As the performance of p16/Ki67 DS for the detection of oncogenic transformation in HPV-positive women is being recognized worldwide, it is gradually being used in daily clinical practices in many countries. Recently, it has been incorporated in the American Society for Colposcopy and Cervical Pathology (ASCCP) guidelines by the Enduring Consensus Cervical Cancer Screening and Management Guidelines Committee.^[8] For high-risk HPV-positive women with no genotyping, DS is an acceptable option. In case of a positive result, colposcopy is recommended, while for a negative result, a 1-year follow-up is proposed. For HPV testing with partial HPV (16/18) genotyping, DS is also acceptable. Women with HPV 16/18 positivity should be referred for colposcopy irrespective of DS result. However, women testing positive for other high-risk HPVs (hrHPVs) should undergo colposcopy, in case of a positive DS; those with negative DS should repeat testing after 1-year. Moreover, in the co-testing setting, DS is acceptable for HPV-positive women with cytology results negative for intraepithelial lesion malignancy, atypical squamous cells of undetermined significance or low-grade squamous intraepithelial lesion. When genotyping is not available, a positive DS justifies colposcopy referral, and a negative one, 1-year follow-up. In case of atypical squamous cells – cannot rule out high-grade, atypical glandular cells – cannot rule out high-grade or high-grade squamous intraepithelial lesion, DS is not recommended and should not guide management.
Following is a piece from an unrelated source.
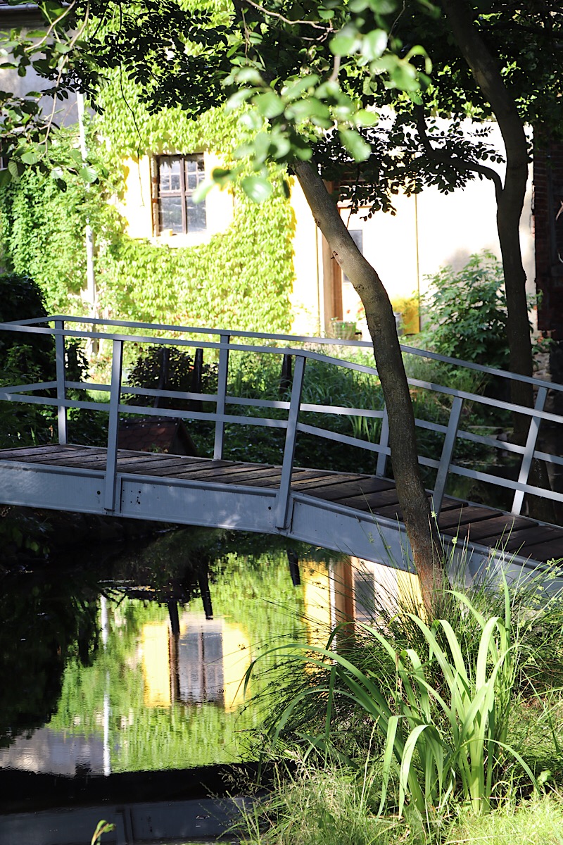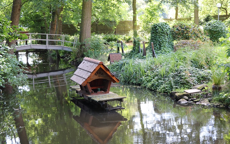 Ich schnappe mir meine Kamera und versuche diese Eindrücke bei einer kleinen Fototour festzuhalten. Dabei stosse ich auf weitere Geheimnisse des Parks. Ein kleines Häuschen, das im Wasserkanal der Mühle platziert ist, eine Feuerstelle für laue Sommerabende zum Grillen, diverse wild wuchernde Pflanzen mit großen Blättern bereit jedes spärliche Licht, das durch den Blätterwald dringt aufzusaugen. Begleitet wird dieser Rundgang vom ständigen Gezwitscher und Zirpen der Singvögel. Und da noch eine kleine Hütte, deren Geheimnis ich nicht lüfte.

Even though p16/Ki67 DS has been established as a new triage tool for the HPV precancerous cervical lesions. The majority of CIN1+ lesions will spontaneously regress without any further treatment. In case of CIN3+, the risk of cervical carcinogenesis is high and demands surgical treatment. CIN2+ is an ambiguous diagnosis that, although predisposes for the progression of cervical carcinogenesis, it is associated with a high-regression rate. CIN2+ and CIN3+ are considered high-grade lesions. Hence, in case of the management of CIN2+ other factors should be considered, such as age or future pregnancy plans. Currently, excisional treatment tends to be avoided in cases of young women at childbearing age, with CIN2+, because it has been linked with an increased risk of preterm birth in a subsequent pregnancy.^[9] Therefore, there is a subset of women with CIN2+ lesions who wish to avoid excisional treatment because their concern for cervical cancer risk is less important than their concern for future adverse pregnancy outcomes.

Those women to date are closely monitored with cytology and colposcopy. There is an ongoing prospective trial.^[10] which investigates the use of p16/Ki67 DS for the monitoring of these women to better detect possible lesion progression, minimizing unnecessary colposcopy referrals. The hypothesis of the study is that p16/Ki-67 DS can accurately detect progression to CIN3+ in women with CIN2+ who have not been subjected to excisional treatment.

In conclusion, the use of p16/Ki67 DS as a triage tool can result in earlier detection of precancerous cervical lesions with fewer colposcopy referrals. This relatively novel modality may also have other uses in the cervical cancer screening and management pathway.